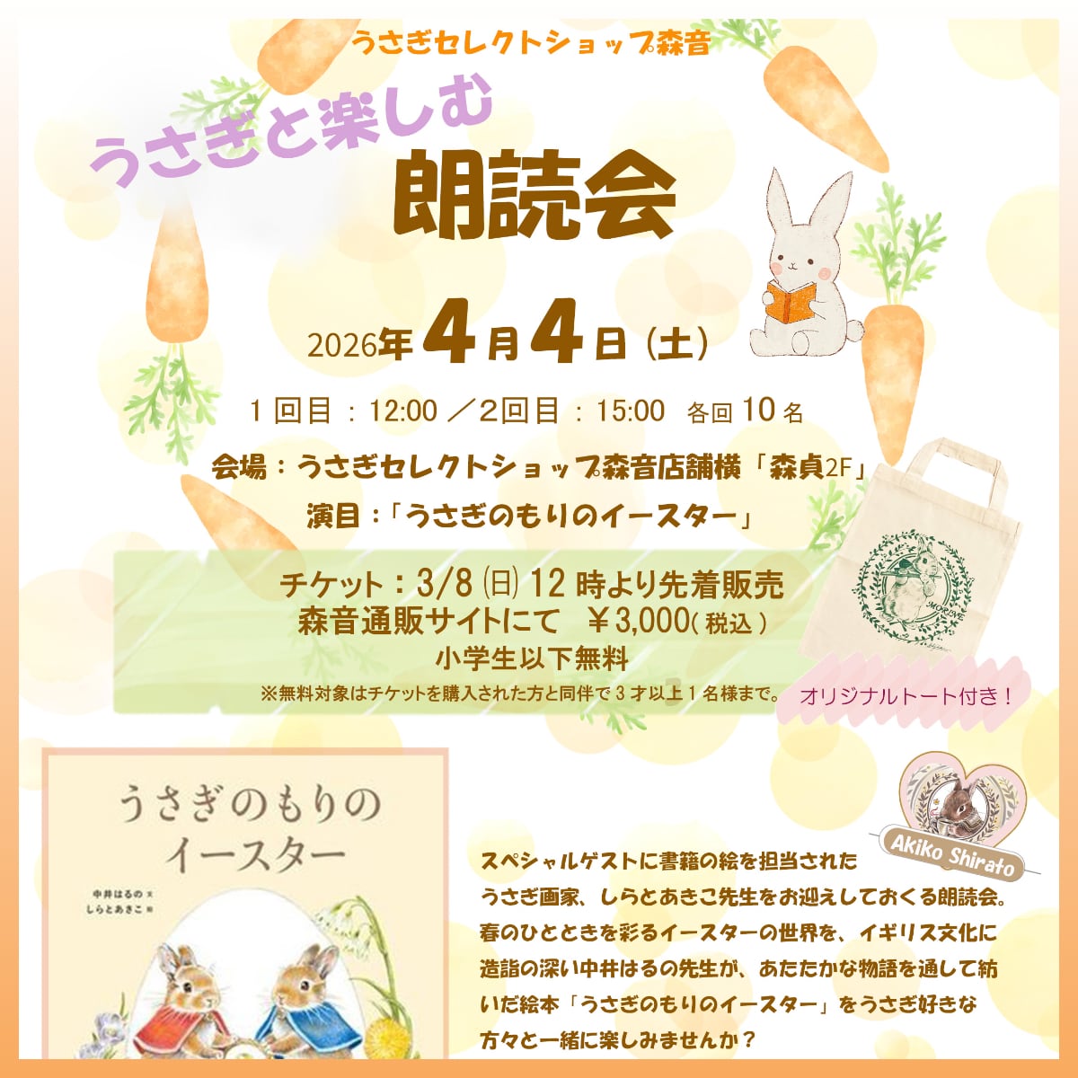 【3/8㈰12時販売開始】4/4開催「うさぎと楽しむ朗読会」チケット
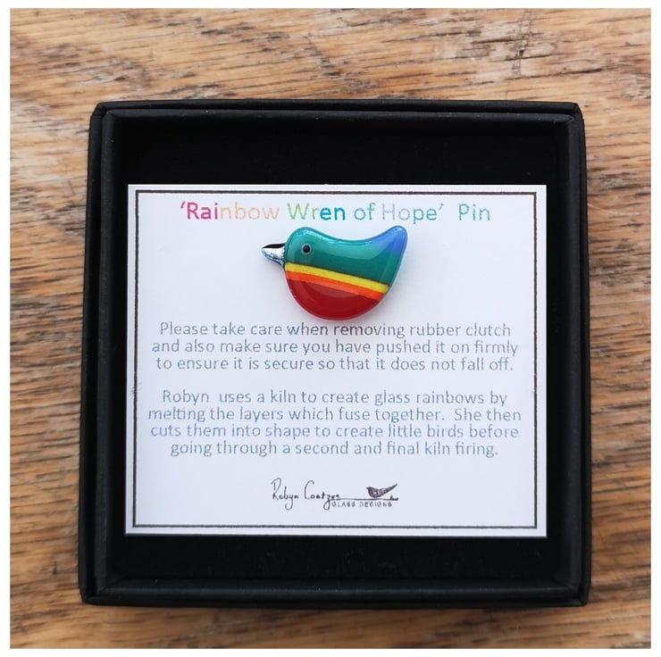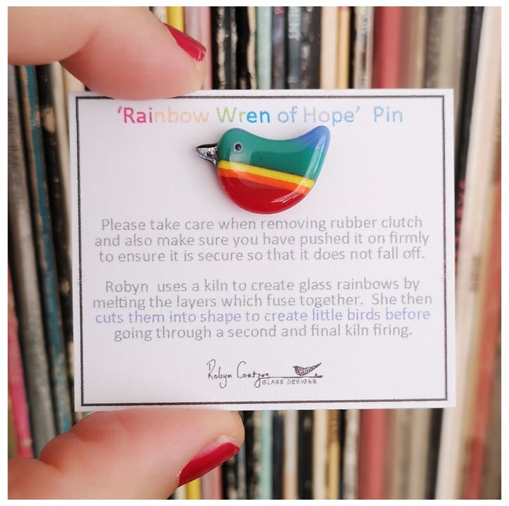 These were born in response to Covid-19. Initially it started with 'Rainbow Wren of Hope' birds to hang in your window and then it expanded into jewellery, including earrings, pendants, brooches and pins. A reminder of hope. Sending much love to you and yours.
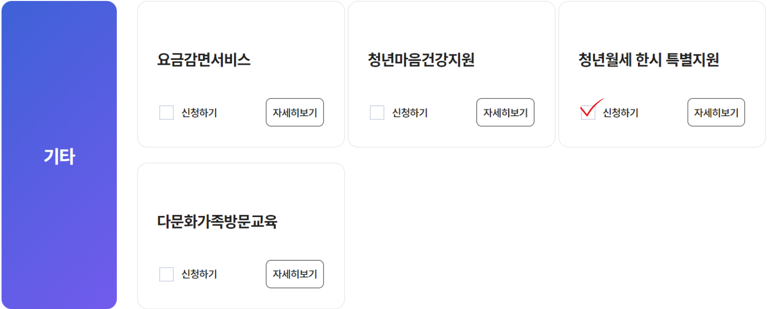 청년월세 한시 특별지원에 신청하기를 누르시면 됩니다.

===

The task: Without any pictures, return the material above exactly.

Answer box:
 【3/8㈰12時販売開始】4/4開催「うさぎと楽しむ朗読会」チケット
 These were born in response to Covid-19. Initially it started with 'Rainbow Wren of Hope' birds to hang in your window and then it expanded into jewellery, including earrings, pendants, brooches and pins. A reminder of hope. Sending much love to you and yours.
 청년월세 한시 특별지원에 신청하기를 누르시면 됩니다.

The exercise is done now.